In the decades before the founding of the federal state in 1848, Switzerland was rather a poor emigration country, where poor harvests often still led to famines. Many of the young men had earned their living abroad as soldiers until the 19th century. We find traces of emigrants from mountain cantons such as Glarus, Valais or Grisons all over the world. The actual industrialisation had only just begun in 1848. The country was still many years behind Great Britain, France and Germany, especially in railway construction. But that changed. Already at the beginning of the 20th century, Switzerland was a typical country of immigration and tourism and benefited in many ways from the skilled newcomers who founded companies. These included pioneers such as Henri Nestlé and the British Charles Brown (BBC).

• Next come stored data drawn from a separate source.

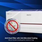 Split AC with inverter compressor: Variable speed compressor which adjusts power depending on heat load. Convertible / adjustable with 4 cooling modes through remote control to operate in different tonnages for different cooling needs (20% to 120% capacity)
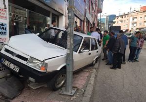 Erzurum'da bir sürücü otomobiliyle seyir halindeyken fren yerine gaza basınca mağazaya daldı.
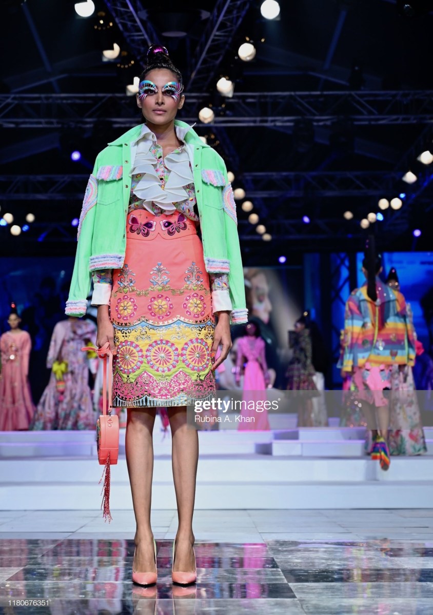 NEW DELHI, INDIA – OCTOBER 12: Manish Arora’s collection at Lotus Make-Up India Fashion Week’s Spring Summer 2020 Finale presented by the FDCI on October 12, 2019 in New Delhi, India. (Photo by Rubina A. Khan/Getty Images)
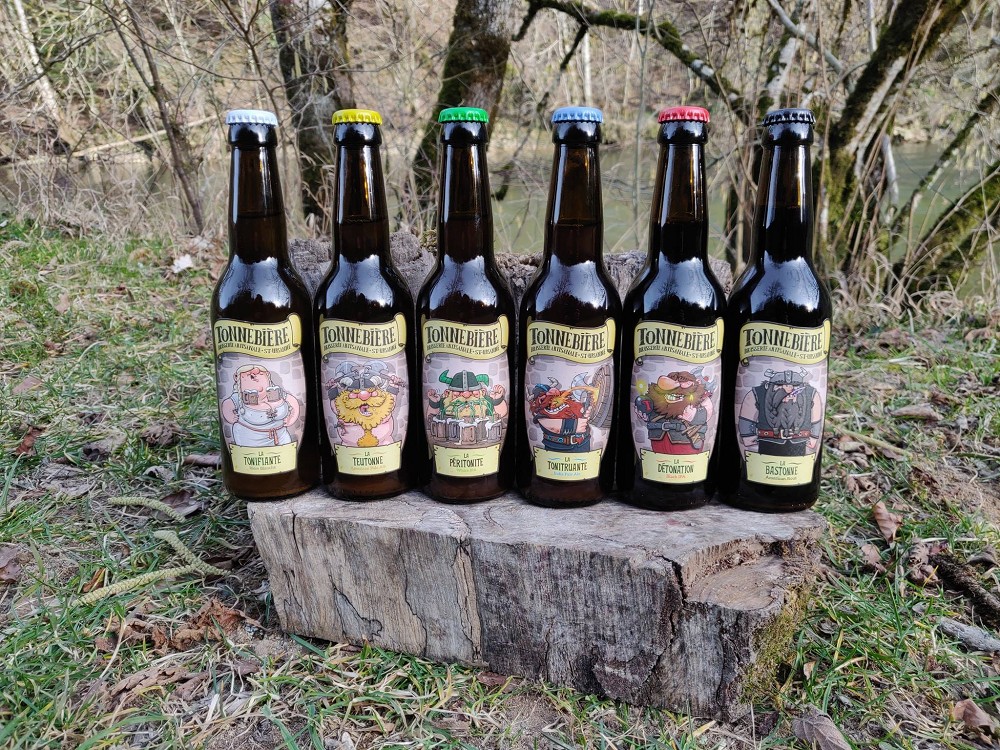 Le nom et l'identité visuelle de la Brasserie Tonnebière sont directement inspirés d'un univers de jeu vidéo où des nains guerriers et des orcs s'affrontent dans des batailles épiques, rappelant l'ambiance médiévale fantastique qui se retrouve dans notre environnement de production à St-Ursanne.

Before the First World War, the proportion of foreigners in the population was a high 14.7 per cent – much higher than in other European countries. Belgium ranked second in these statistics with 3 per cent. The borders were largely open. Everyone could come, but had to look for himself.

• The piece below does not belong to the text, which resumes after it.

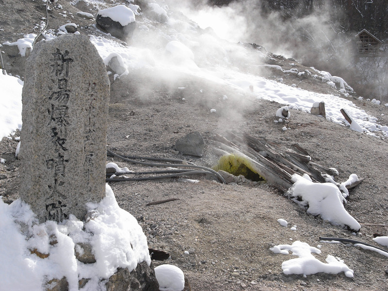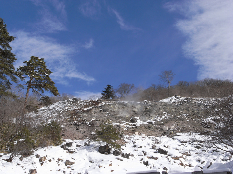 当館の源泉、噴煙が上がり、にごり湯沸く硫黄山からの源泉そのまま掛け流しです。(当館より徒歩1分、見学できます。)

In the interwar period, the number of foreigners fell again – especially in the 1930s (economic crisis). In 1945, only around five per cent of the population were foreigners. However, this figure rose sharply during the boom of the post-war decades, reaching around 13 per cent at the beginning of the 1960s and 15 per cent in 1968. These statistics do not include seasonal workers that only worked for a few months and then returned home (seasonal workers’ statute).
In the course of the 1960s, the parliament repeatedly adopted measures to limit immigration by initially fixing a ceiling of the number of staff in the individual companies. These and other measures were not aimed specifically at foreigners, but were intended to cool the heated economy in general and prevent entrepreneurs from making further investments and creating more jobs. There were no more unemployed. Those who lost their jobs found a new one within hours. Soon, however, a number of initiatives came from the population, which went down in history as “Überfremdungsinitiativen” (popular initiative against foreignisation) and demanded that the authorities directly limit immigration and reduce the total number of foreigners.
The Democratic Party of the Canton of Zurich successfully launched a federal popular initiative in 1965. It demanded that foreign permanent residents and temporary residents be limited to one tenth of the resident population. Until this population is reached, it should be reduced by 5 per cent each year (Hofer 2012, No. 89; Linder 2010, p. 303). The Federal Council and parliament rejected the initiative.
The fate of the first “Überfremdungsinitiative” was unusual. The Federal Council and individual parliamentarians appealed to the initiators to withdraw their initiative. The Federal Council had taken a whole package of stabilisation measures, fixing a ceiling of the number of employees in the companies and also limited the total number of foreign workers. A referendum would only fuel the mood, lead to unpleasant disputes, create tension in the companies and cause great damage to Switzerland’s reputation. Federal Councillor Schaffner (FDP, liberal party) invited the initiative committee to a personal meeting – and was successful. The initiative was withdrawn in 1968 (Linder 2010, p. 303).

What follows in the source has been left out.